- [EXERCISE BRIEF] Copy the lines below exactly, starting with the first and finishing with the one holding "Fischer, Fischer! Wie tief ist das Wasser?"; do not copy the pictures.

- [DATASET]
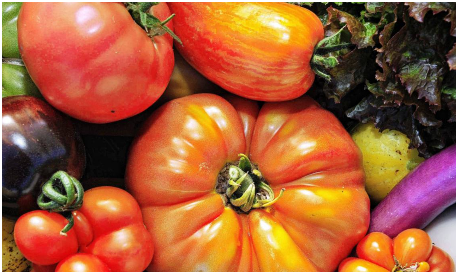
En plus de leur richesse en vitamines, les fruits et légumes apportent des fibres, essentielles au confort digestif.

Ballonnements, douleurs d'estomac et gargouillis divers... Vos fins de repas relèvent parfois de la torture ? Et si vous changiez vos habitudes ? Bien souvent, les causes d'une mauvaise digestion se trouvent dans notre quotidien. Une alimentation trop riche, une hydratation insuffisante, des repas avalés sur le pouce ou le stress sont autant de responsables à ces maux de tous les jours.
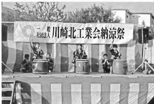
くじ保育園 年長組
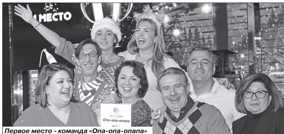
Первое место - команда «Опа-опа-опа»
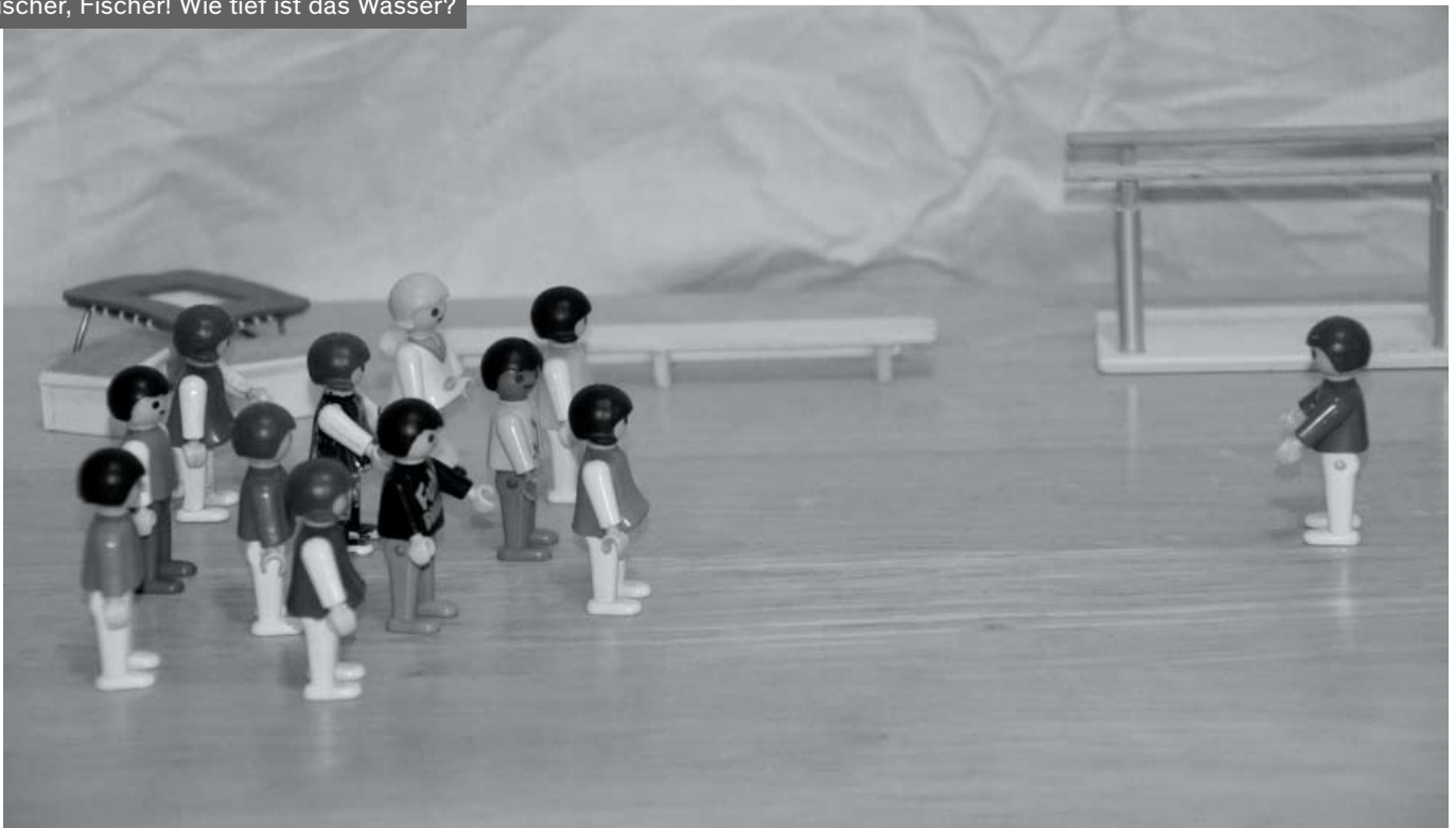
Fischer, Fischer! Wie tief ist das Wasser?

Wichtig ist, dass die Lehrkraft bei den Aufwärmübungen und Spielen laut und deutlich spricht und einen differenzierten Wortschatz benutzt. Im Anschluss an die Übungen und Spiele können die Bewegungsaufgaben noch einmal mündlich wiederholt werden.
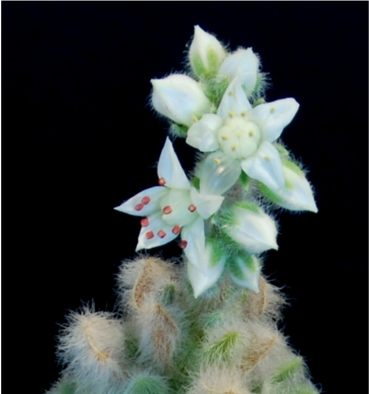
Et à la troisième place : MrKabuto Astrophytum asterias cv super kabuto :
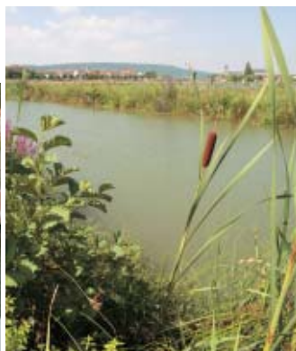
▲ Les travaux de réaménagement de Pont-à-Mousson (entrée sud) ont permis de reconstituer 2 types d'espaces : une zone portuaire et une zone écologique
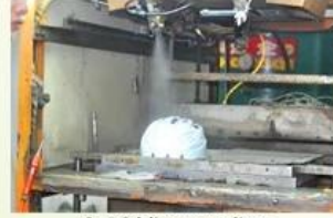
3. PC blister tooling
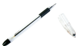
la pluma the pen
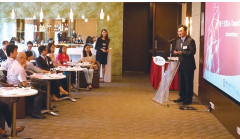
我們為多間慈善機構舉辦電子支票使用介紹會，推動金融服務電子化，支持環保

集團與香港工業總會攜手設立「中銀香港企業環保領先大獎」，旨在鼓勵香港及泛珠三角洲從事製造業及服務業的企業進行環保措施，減少環境污染。該計劃更特設「一帶一路環保領先嘉許獎」，頒發予在「一帶一路」沿線地區推行環保措施的傑出企業。計劃吸引了逾450家企業參加，反應熱烈。
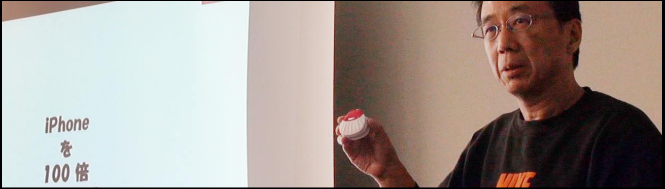
松井会員による iPhone ストロボ撮影の実際の発表

研究講座：「カメラ RAW のプリセット」：平野正志講師 会員発表：松井秀樹会員による「iPhone ストロボ撮影の実際」 “ライトニングトーク” 希望者各自 3 分 動画技術講座「Photoshop での動画 Log 調整」：高木大介 講師
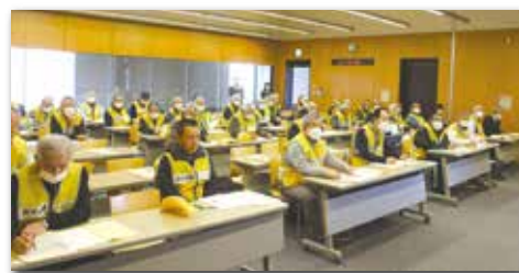
地域の安全見守り隊
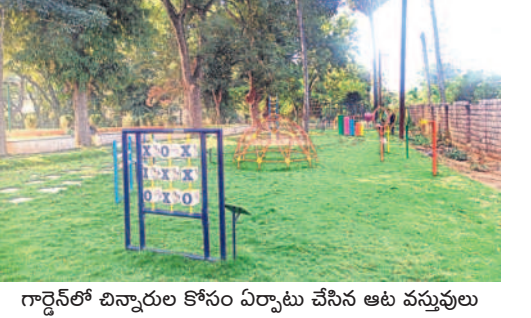
గార్డెన్ లో బిన్యూరుల కోసం ఏర్పాటు చేసిన ఆట వస్తువులు

వరంగల్ లోని కాకతీయ మ్యూజికల్ గార్డెన్ పునరుద్ధరణ పనుల్లో వేగం పుంజుకుంది. దాదాపు 90శాతం పూర్వవైభవంతో త్వరలో ప్రారంభించేందుకు అధికార యంత్రాంగం సన్నాహాలు చేస్తోంది. రూ.కోటి 60 లక్షల కూడా నిడులతో గార్డెన్ పనులు చేపట్టగా పూర్వవైభవం సంతరించుకొని చూడ చక్కని అందాలతో ఆకట్టుకోనున్నది. - వరంగల్, డిసెంబర్ 18
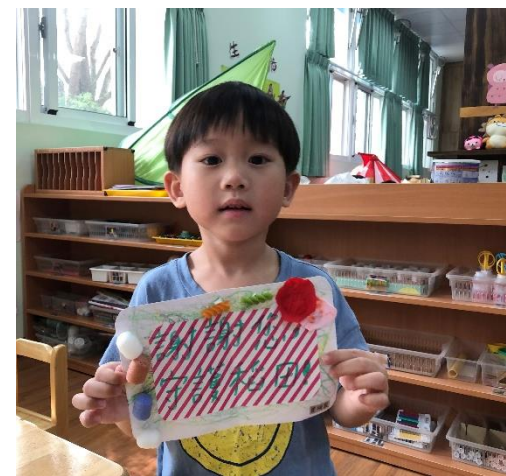
感謝您，守護稻田的感謝小卡

- [ANSWER SPACE]
En plus de leur richesse en vitamines, les fruits et légumes apportent des fibres, essentielles au confort digestif.

Ballonnements, douleurs d'estomac et gargouillis divers... Vos fins de repas relèvent parfois de la torture ? Et si vous changiez vos habitudes ? Bien souvent, les causes d'une mauvaise digestion se trouvent dans notre quotidien. Une alimentation trop riche, une hydratation insuffisante, des repas avalés sur le pouce ou le stress sont autant de responsables à ces maux de tous les jours.
くじ保育園 年長組
Первое место - команда «Опа-опа-опа»
Fischer, Fischer! Wie tief ist das Wasser?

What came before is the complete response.